**PROVIDED MATERIAL**.
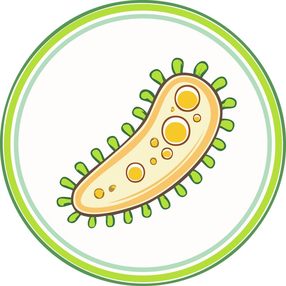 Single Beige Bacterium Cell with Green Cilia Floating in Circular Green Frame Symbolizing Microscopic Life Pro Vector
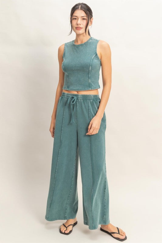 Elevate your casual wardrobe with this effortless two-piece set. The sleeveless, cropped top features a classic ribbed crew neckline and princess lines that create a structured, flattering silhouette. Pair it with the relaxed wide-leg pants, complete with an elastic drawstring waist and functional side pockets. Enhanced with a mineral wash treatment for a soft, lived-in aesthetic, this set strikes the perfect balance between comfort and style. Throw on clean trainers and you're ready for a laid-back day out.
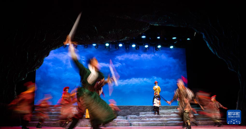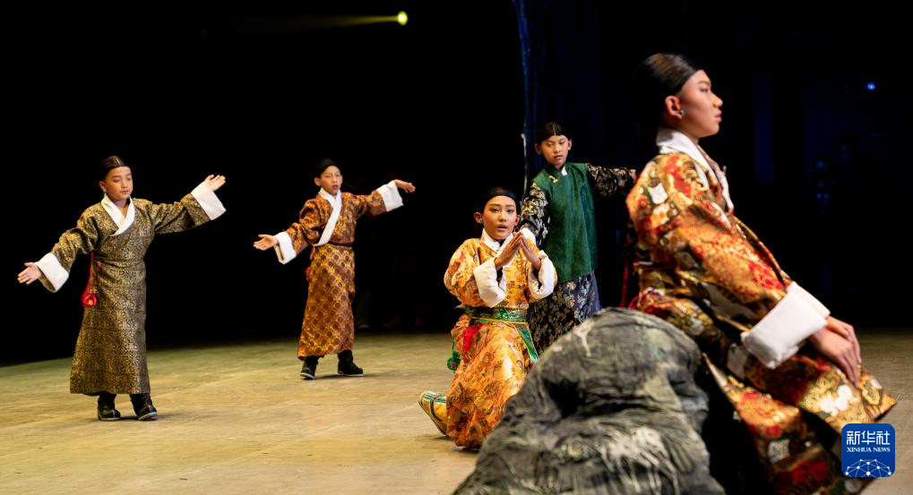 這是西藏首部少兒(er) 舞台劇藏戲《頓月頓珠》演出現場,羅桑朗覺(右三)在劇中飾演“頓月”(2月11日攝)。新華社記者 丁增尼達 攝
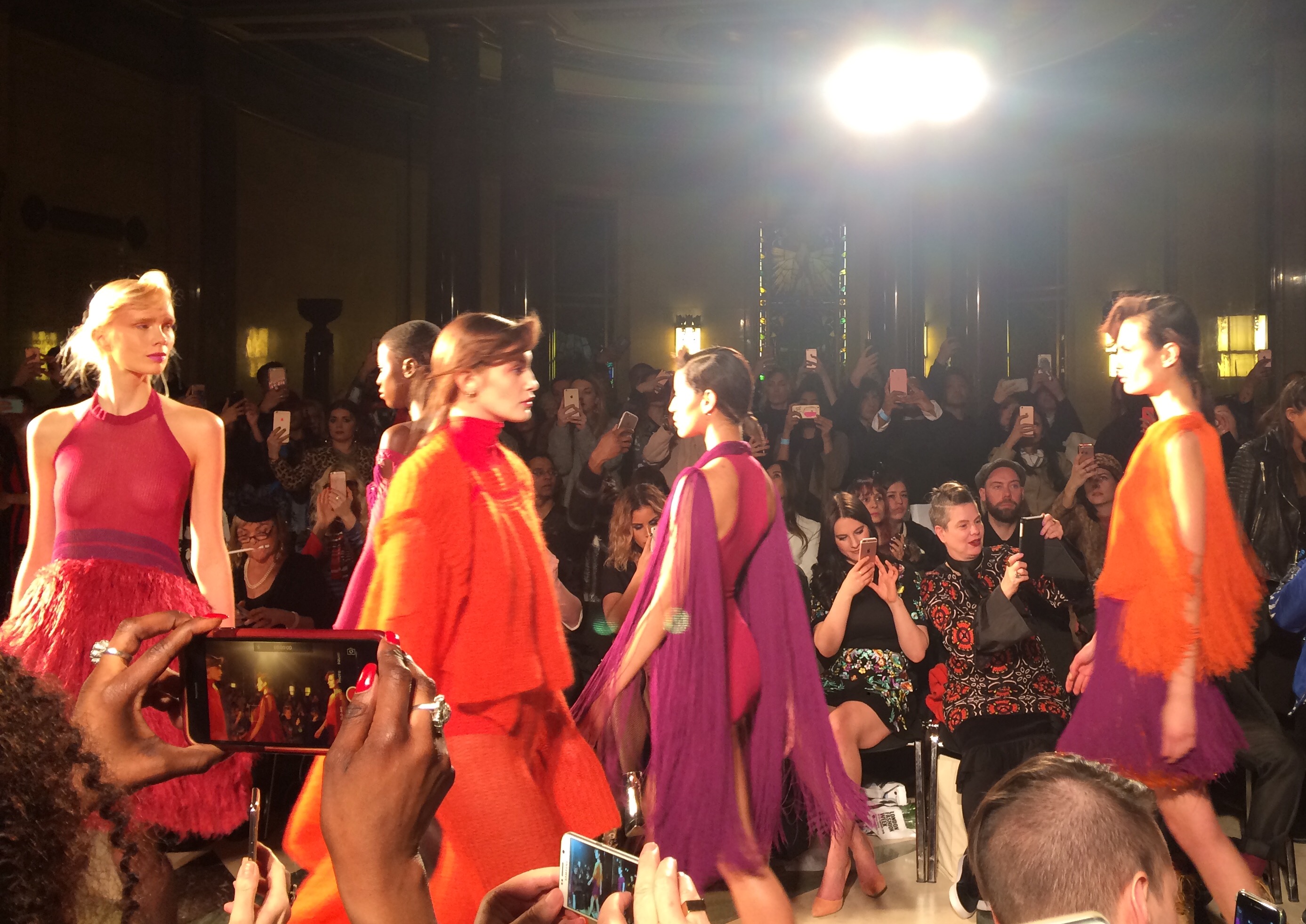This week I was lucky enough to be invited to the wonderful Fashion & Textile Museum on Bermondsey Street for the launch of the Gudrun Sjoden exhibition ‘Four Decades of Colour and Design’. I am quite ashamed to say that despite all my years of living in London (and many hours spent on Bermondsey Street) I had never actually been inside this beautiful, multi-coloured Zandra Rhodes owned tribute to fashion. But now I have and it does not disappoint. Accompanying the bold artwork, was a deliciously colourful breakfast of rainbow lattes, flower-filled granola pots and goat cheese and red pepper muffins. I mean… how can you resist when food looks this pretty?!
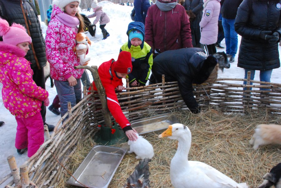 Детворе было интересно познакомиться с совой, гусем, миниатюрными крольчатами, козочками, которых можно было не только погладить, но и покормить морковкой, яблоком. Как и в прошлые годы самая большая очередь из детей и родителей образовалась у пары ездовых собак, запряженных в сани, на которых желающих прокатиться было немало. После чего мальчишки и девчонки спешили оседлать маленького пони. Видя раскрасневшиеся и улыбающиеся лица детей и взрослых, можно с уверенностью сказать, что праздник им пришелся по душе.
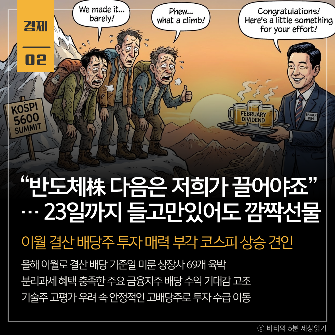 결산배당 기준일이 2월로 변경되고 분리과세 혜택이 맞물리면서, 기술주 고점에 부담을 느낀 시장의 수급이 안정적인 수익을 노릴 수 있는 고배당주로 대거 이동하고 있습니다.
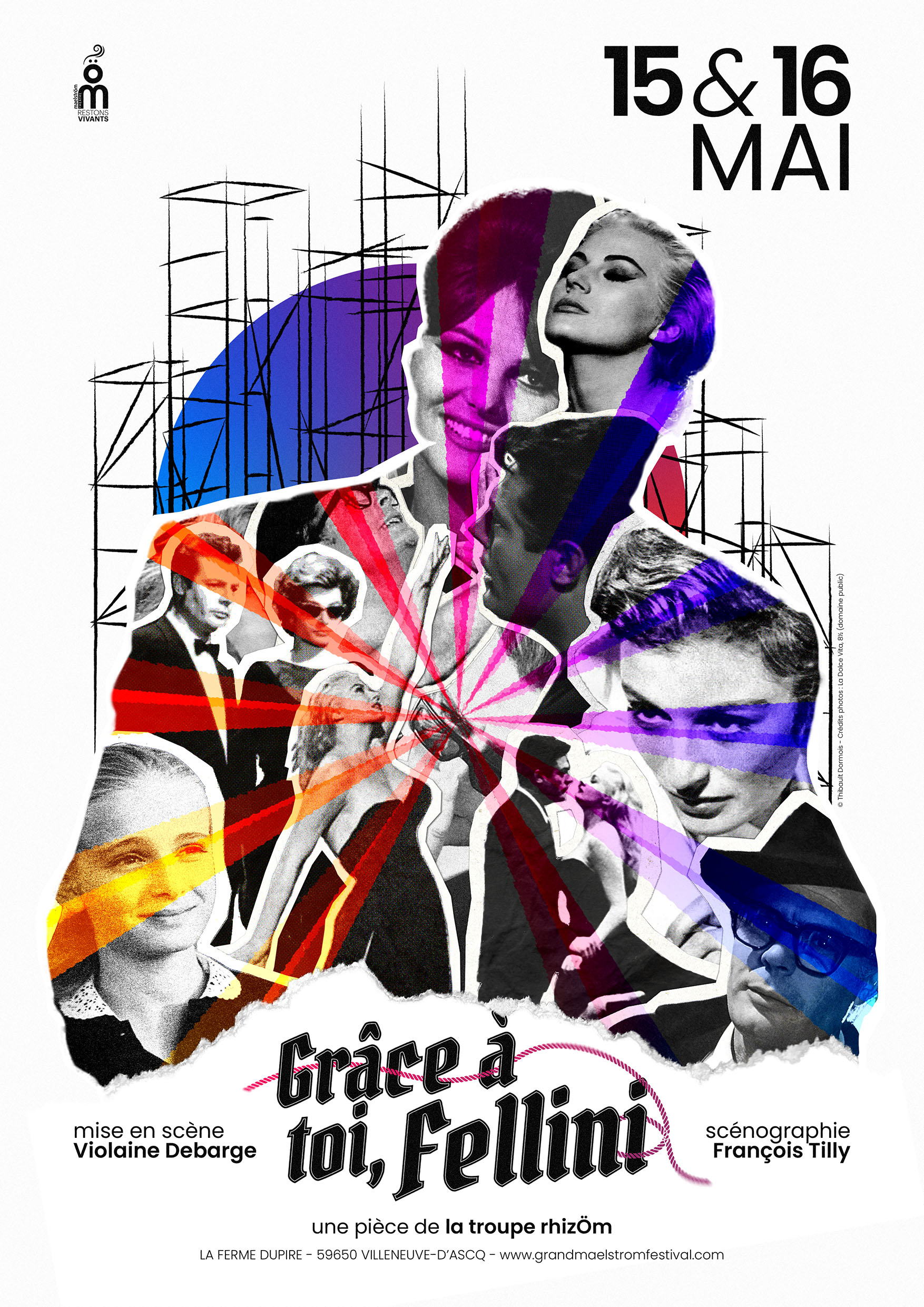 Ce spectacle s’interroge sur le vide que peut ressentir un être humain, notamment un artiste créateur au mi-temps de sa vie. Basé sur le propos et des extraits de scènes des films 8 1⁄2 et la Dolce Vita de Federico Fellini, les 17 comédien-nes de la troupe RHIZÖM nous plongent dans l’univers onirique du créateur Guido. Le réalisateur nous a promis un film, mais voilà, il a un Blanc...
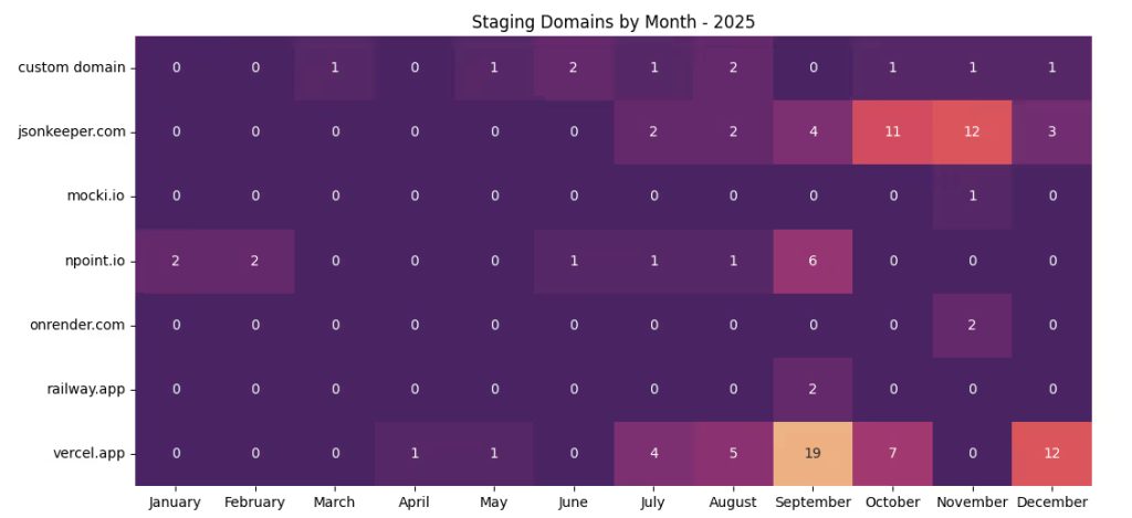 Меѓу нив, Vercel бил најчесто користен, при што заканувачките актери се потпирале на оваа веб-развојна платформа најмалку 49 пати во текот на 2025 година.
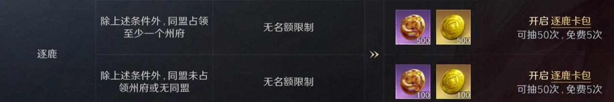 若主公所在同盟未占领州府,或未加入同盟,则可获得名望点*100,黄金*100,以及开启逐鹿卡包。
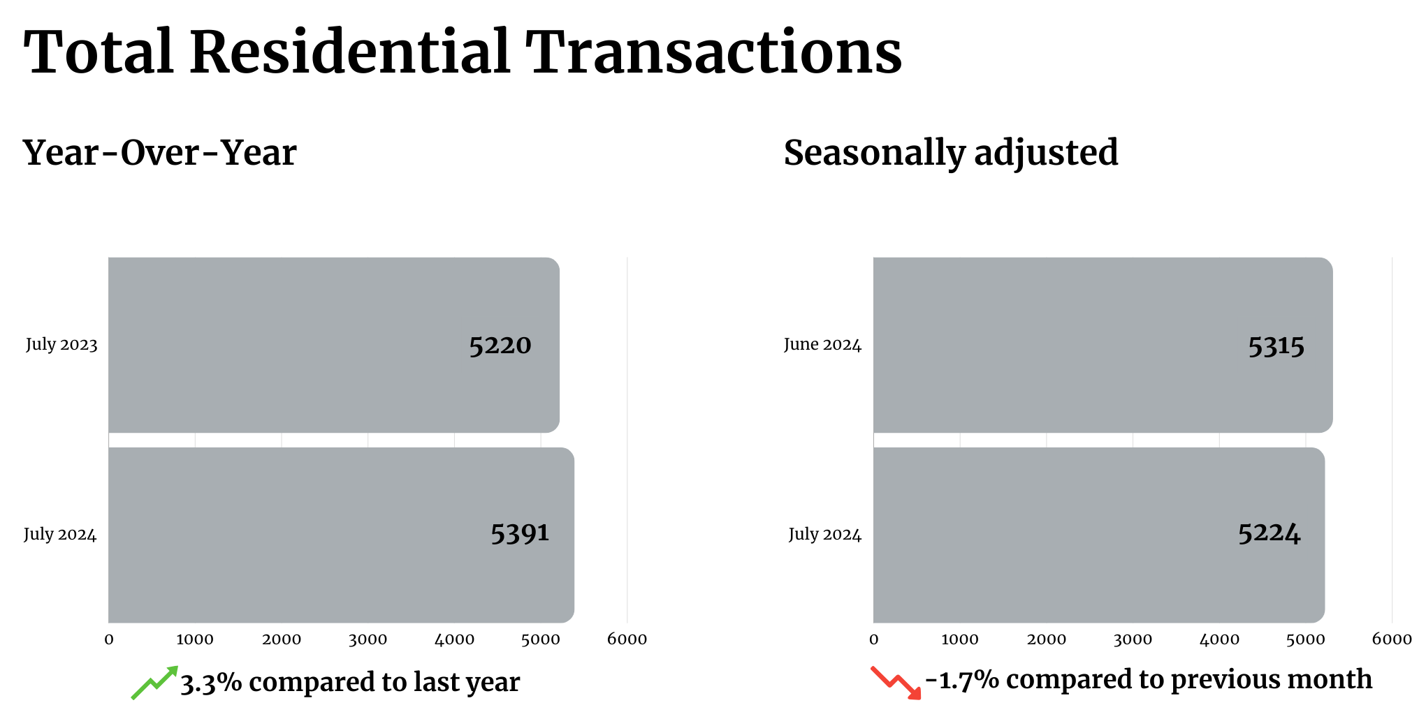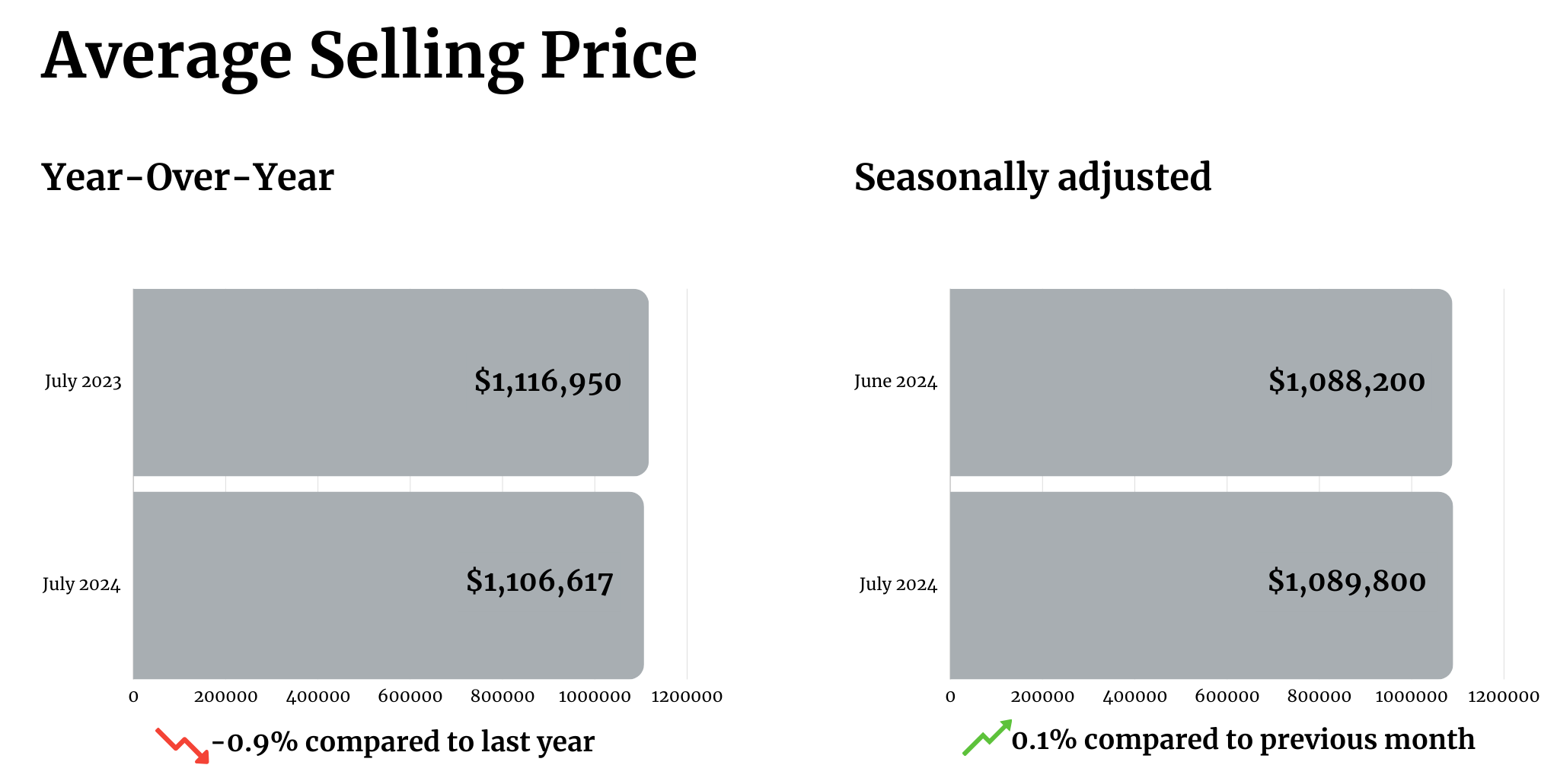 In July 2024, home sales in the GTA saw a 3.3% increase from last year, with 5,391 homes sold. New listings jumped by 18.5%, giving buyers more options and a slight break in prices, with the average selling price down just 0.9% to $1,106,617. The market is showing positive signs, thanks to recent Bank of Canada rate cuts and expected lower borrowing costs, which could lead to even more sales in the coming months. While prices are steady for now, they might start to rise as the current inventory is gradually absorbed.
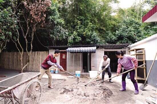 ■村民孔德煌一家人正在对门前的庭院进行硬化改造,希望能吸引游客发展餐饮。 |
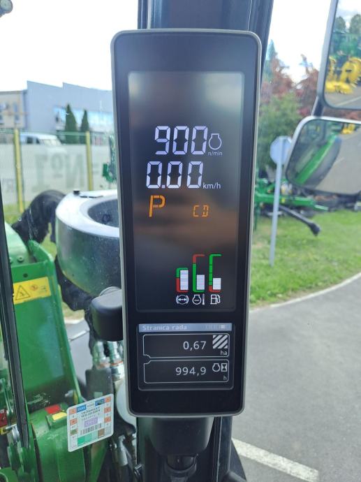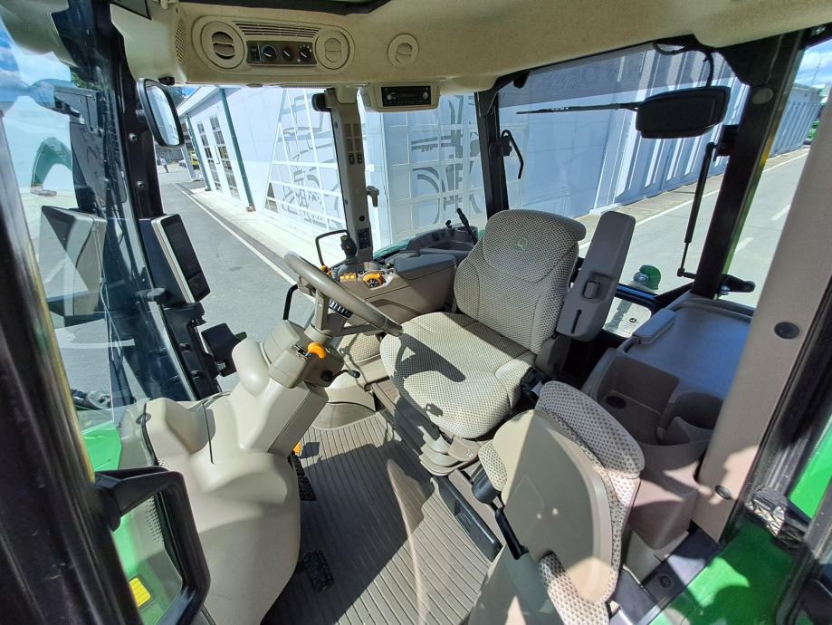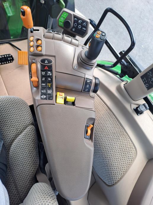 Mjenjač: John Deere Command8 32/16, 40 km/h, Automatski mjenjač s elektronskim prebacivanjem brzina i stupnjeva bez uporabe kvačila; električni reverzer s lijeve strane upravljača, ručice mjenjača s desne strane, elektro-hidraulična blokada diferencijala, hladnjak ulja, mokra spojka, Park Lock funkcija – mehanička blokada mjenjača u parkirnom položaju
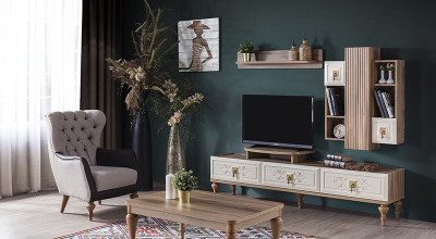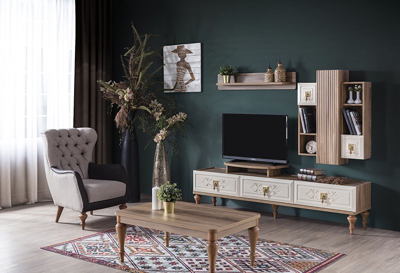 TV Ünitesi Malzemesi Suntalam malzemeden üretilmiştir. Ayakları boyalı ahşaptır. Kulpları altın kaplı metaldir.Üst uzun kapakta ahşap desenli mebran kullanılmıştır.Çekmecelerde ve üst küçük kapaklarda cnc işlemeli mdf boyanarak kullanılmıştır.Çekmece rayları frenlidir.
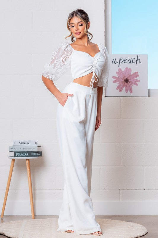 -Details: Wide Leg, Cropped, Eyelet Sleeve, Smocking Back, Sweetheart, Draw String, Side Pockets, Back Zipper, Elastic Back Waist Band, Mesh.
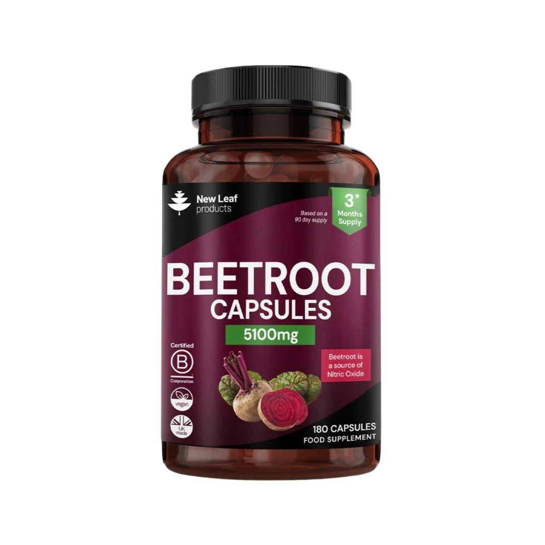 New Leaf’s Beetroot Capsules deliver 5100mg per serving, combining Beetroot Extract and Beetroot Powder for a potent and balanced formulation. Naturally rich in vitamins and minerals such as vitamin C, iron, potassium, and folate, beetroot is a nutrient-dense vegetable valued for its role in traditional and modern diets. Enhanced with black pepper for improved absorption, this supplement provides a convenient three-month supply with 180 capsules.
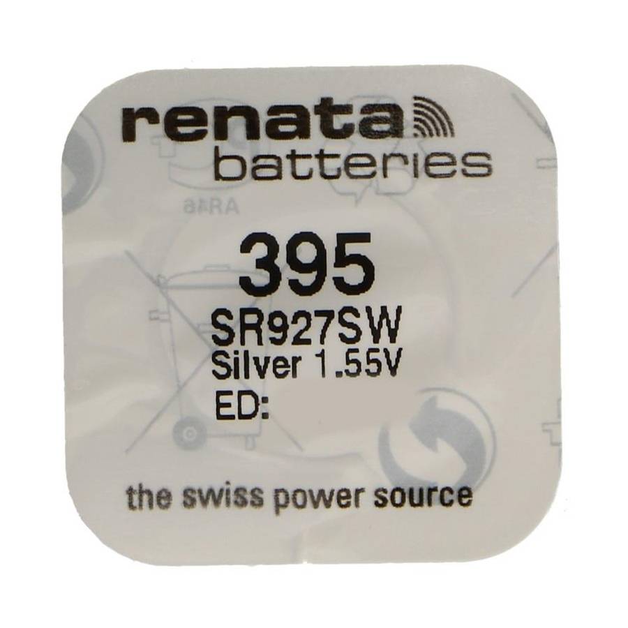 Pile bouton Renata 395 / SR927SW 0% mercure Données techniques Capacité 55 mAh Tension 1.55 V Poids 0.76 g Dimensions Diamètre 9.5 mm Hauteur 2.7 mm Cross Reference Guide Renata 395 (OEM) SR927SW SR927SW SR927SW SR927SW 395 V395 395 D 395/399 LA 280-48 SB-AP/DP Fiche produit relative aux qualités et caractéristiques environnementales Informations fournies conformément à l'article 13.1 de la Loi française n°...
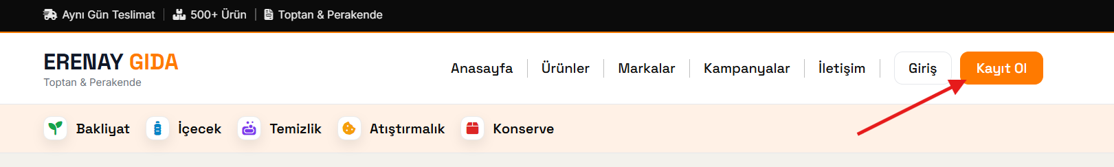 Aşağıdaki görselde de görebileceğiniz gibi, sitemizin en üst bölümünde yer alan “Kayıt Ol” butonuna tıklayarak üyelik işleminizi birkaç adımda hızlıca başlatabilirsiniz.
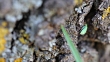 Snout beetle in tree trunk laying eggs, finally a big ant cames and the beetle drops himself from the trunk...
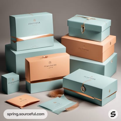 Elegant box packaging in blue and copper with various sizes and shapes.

**TASK BRIEF**.
Your answer must be the exact lines from the start of the data through the line with "This week I", inclusive, and nothing else; pictures do not belong in it.

**EXERCISE ANSWER**.
 Single Beige Bacterium Cell with Green Cilia Floating in Circular Green Frame Symbolizing Microscopic Life Pro Vector
 Elevate your casual wardrobe with this effortless two-piece set. The sleeveless, cropped top features a classic ribbed crew neckline and princess lines that create a structured, flattering silhouette. Pair it with the relaxed wide-leg pants, complete with an elastic drawstring waist and functional side pockets. Enhanced with a mineral wash treatment for a soft, lived-in aesthetic, this set strikes the perfect balance between comfort and style. Throw on clean trainers and you're ready for a laid-back day out.
 這是西藏首部少兒(er) 舞台劇藏戲《頓月頓珠》演出現場,羅桑朗覺(右三)在劇中飾演“頓月”(2月11日攝)。新華社記者 丁增尼達 攝
This week I was lucky enough to be invited to the wonderful Fashion & Textile Museum on Bermondsey Street for the launch of the Gudrun Sjoden exhibition ‘Four Decades of Colour and Design’. I am quite ashamed to say that despite all my years of living in London (and many hours spent on Bermondsey Street) I had never actually been inside this beautiful, multi-coloured Zandra Rhodes owned tribute to fashion. But now I have and it does not disappoint. Accompanying the bold artwork, was a deliciously colourful breakfast of rainbow lattes, flower-filled granola pots and goat cheese and red pepper muffins. I mean… how can you resist when food looks this pretty?!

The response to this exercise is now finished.